One of the most common pieces of investment advice is to find a good investment and to simply hold on to it. Known sometimes as buy and hold investing, it doesn’t seem to be working as well as it once did. A common response of buy and hold advocates is to point to the success of some of the famous value investors. The most famous of the contemporary value investor is Warren Buffett.

Given that, it’s fair to as how Warren Buffett investments been performing recently. Everyone knows that he’s had investment returns of over 20% per year since he started investing, even better depending on which period of time you review. Most of us would be quite happy getting those returns.

Now Warren Buffett does have a few advantages over the average investor. He doesn’t just invest in stocks, he invests in companies. His practice is to buy a large stake in a company, and he then gets to name the CEO of the company, and gets to choose one or more board members. Most of us average investors don’t need to worry about choosing who runs as board members or who would make a good CEO.

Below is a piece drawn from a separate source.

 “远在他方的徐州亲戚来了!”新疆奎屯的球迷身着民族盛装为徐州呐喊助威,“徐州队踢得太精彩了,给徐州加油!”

Now with all those advantages, it’s fair to ask how well he’s done in the past several years. A lot of Buffett’s reputation is based on history stretching back to the early days of Berkshire Hathaway in the 1960’s. How has the “Oracle of Omaha” and his buy and hold approach done in the past several years?

The holding company for the collection of companies that he owns is Bershire Hathaway. So we can easily judge his performance by looking at the stock price. The Class A shares have recently become infamous for being one of the most expensive stocks on earth (trading recently at over $100,000 a share).

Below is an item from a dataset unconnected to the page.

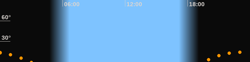 | Untergang | 02:59 Uhr im Südwesten (αAz = 229,6°) |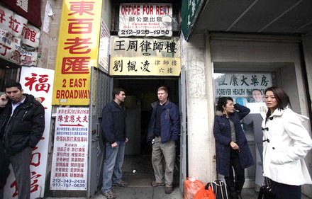 “我们本来是想寻找一名法律专家,以合法的方式办事,”康涅狄格州一家中餐馆的厨师曾航(音译)说。他专门请了一天假,就是为了看看他的申请怎么样了。曾航是聚集在唐人街东百老汇大街2号写字楼的几十名客户之一。这里也遭到了美国联邦调查局(FBI)的突击搜查。

To accommodate more “average investors” several years back they introduced the Class B shares, trading recently over $3000 a share. So, you if you want to invest like Warren Buffett, taking advantage of his inside connections, you can simply buy the BRK Class B shares.

Let’s take a look at their performance. After the Class B shares started trading, they initially went up just like you would expect from a work class investor averaging over 40% a year in 1997 and 1998.

But, after that the performance has not been as good:

1999 down 22.1%
2000 up 28.6%
2001 up 7.3%
2002 down 4.0%
2003 up 16.2%
2004 up 4.3%
2005 up 0.0%

For the 7 years from 1999 to 2005, HRK.B has increased 41%, which is a compounded annual growth of about 5%, slightly better than a money market fund. Recall that as meager as that looks, it did outperform the S&P 500 over that same time period, so he did beat the index fund holders.

If that’s not the world class performance you were looking for, or if it just reminds you of your own results, what alternatives do you have?

The top ranked advisory services in Hulbert Financial Digest over the last several years have many newsletters that use a relative strength or sector rotation approach to investing, specifically using mutual funds. Choosing the top mutual funds and rotating sectors on a regular basis has been a successful approach for many years. However, as mutual funds add Early Redemption Fees (ERF’s) to limit fund switching that approach has become much more difficult, as it eliminates many top rated funds from use in a sector rotation strategy.

There are a couple of ways to get around these fund limitations:

1) The Fidelity Select Mutual Fund family still allows trading after a holding period of 31 days, and has over 40 funds which offers the diversity to effectively implement a sector rotation strategy. Many newsletters have a long history successfully trading the Fidelity Select Funds. Also, most of the other Fidelity mutual funds still have no redemption fee if they are held for at least 90 days.

2) Exchange Traded Funds (ETFs) have a large diversity of offerings, and can be traded at any time, since they are bought and sold just like stocks (although you do have to pay the same commission as a stock trade). While exchange traded funds don’t have as long a history as the Fidelity mutual funds, so there is not as much trading history on systems using ETF’s, many successful investment newsletters are starting to offer portfolios using ETF’s instead of sector mutual funds, with similar performance advantages.